Дон Массимо развел руками – дескать, ничего не попишешь, такова реальность, – и замолчал, ожидая, как прокомментирует это известие Аглиотти. Никто не спрашивал Доминика, согласен он или нет с принятым в верхах решением, – мнение Тремито и прочих головорезов в подобных геополитических вопросах отродясь не учитывалось. Но несмотря на свою показную беспардонность, Щеголь не переступал рамок приличия и умел быть дипломатичным, когда требовалось расположить к себе собеседника.

Аглиотти плеснул себе еще вина, равнодушно посмотрел, как оно искрится на свету, и только потом заговорил:

– Не Тремито судить, правильное это было решение или нет, синьор де Карнерри, и во что вы со временем превратите Трезубец: в Рогатину, а возможно, и в Пику, учитывая, что я не вижу здесь дона Франко. Я всю жизнь служил семье Сальвини, и если теперь она и семья де Карнерри – суть единое целое, что ж… Я только рад. Никому из нас больше не нужны все эти войны, разве не так? В последней из них вы потеряли отца и брата, дон Дарио – троих сыновей, и у дона Франко погибло немало родственников. Я тоже заплатил достаточно высокую цену за пролитую мной чужую кровь. По-моему, этого вполне хватит, чтобы понять – политика войны не выгодна для успешного ведения дел. Ситуация, в которой мы сегодня очутились, – прямое следствие Тотальной Мясорубки, от которой наши семьи оправятся еще очень не скоро… Однако мне послышалось, или вы и впрямь сказали, что дон Сальвини погиб, а не умер?

– Совершенно верно, Тремито, – согласился Щеголь. – Твой благодетель действительно был убит во время виртуальной конференции.

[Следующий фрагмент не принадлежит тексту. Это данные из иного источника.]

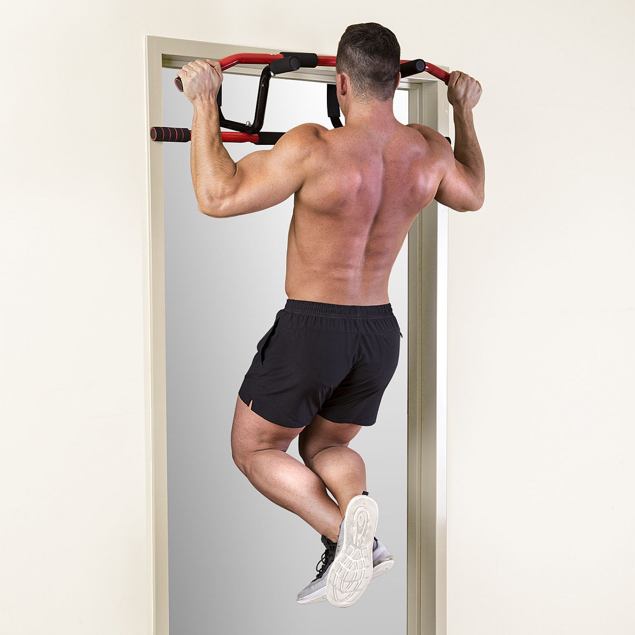 С его помощью мы будем делать упражнения для большинства верхних отделов мышц. Работает по принципу кредитного плеча. Просто зафиксируйте его между рамой и дверной коробкой. Пенопластовые ручки гарантируют удобство захвата и защищают от мозолей. Защиты на штанге предотвращают повреждение дверной коробки. DD12, предоставляет множество вариантов настройки хвата и возможность производить не только подтягивание. Благодаря дополнительным ручкам, напоминающим перила, можно выполнять провалы, а благодаря лямкам можно выполнять отжим или другие упражнения для груди. Основное предназначение DD12 – подтягивание. Подтягивание – это сложное, но очень укрепляющее упражнение. Во время движения мы задействуем мышцы предплечья, бицепсы, мышцы пресса как стабилизатор и, конечно же, всю группу мышц спины, включая широчайшую спину. Благодаря дополнительным ручкам мы будем делать упражнения для остальных мышечных частей верхней части тела. DD12 HMS Premium – отличное решение для домашних тренировок.

Как, впрочем, и все мы погибли в тот день в квадрате Палермо от пуль какой-то психованной, давно не траханной cagnetta . Мнемозапись о ее подвиге уже вовсю гуляет по Менталиберту! Cazza roba ! – Массимо нервно всплеснул руками, едва не уронив стоящий перед ним недопитый бокал. – Да, Тремито, это так! Вот только я и Франко, получив по дюжине пуль, отключились от М-эфира и теперь живы-здоровы, а слабое сердце бедняги Дарио не выдержало потрясения и остановилось! Знаешь, когда тебя дырявят из автомата в виртуальном мире, ощущения ненамного отличаются от тех, что ты переживаешь в реальности. Хоть мир и ненастоящий, а ведь больно, да еще как, черт возьми! Если кто из нас и должен был тогда умереть, то это старик Барберино, но никак не Дарио! Пресвятая дева Мария, упокой его благородную душу!

Де Карнерри воздел глаза к небу и перекрестился.

– О какой психованной сучке вы говорите? – переспросил Аглиотти. – И что вообще произошло с вами в Менталиберте? Наверное, вы можете поделиться со мной этой тайной, раз она уже облетела весь М-эфир.

– Да, теперь подробности нашей виртуальной гибели склоняют все, кому не лень, – тяжко вздохнул Массимо. – Сказать по правде, мы даже не уверены, была ли это настоящая девка, или же над нами поглумился какой-нибудь педик, напяливший М-дубль с figa и сиськами. Говорят, в этом проклятом ментальном пространстве каждый третий пользователь – с замашками трансвестита. Единственное, что мы пока выведали из той записи о настоящей личности убийцы: она или он ругается по-испански. Не бог весть какая зацепка, но может вполне статься, что это – родной язык девицы с автоматом. Раз уж ты решил разозлить наших парней, почему не переключил переводчик М-дубля на итальянский? Забыл в горячке? Не факт, но на правду похоже…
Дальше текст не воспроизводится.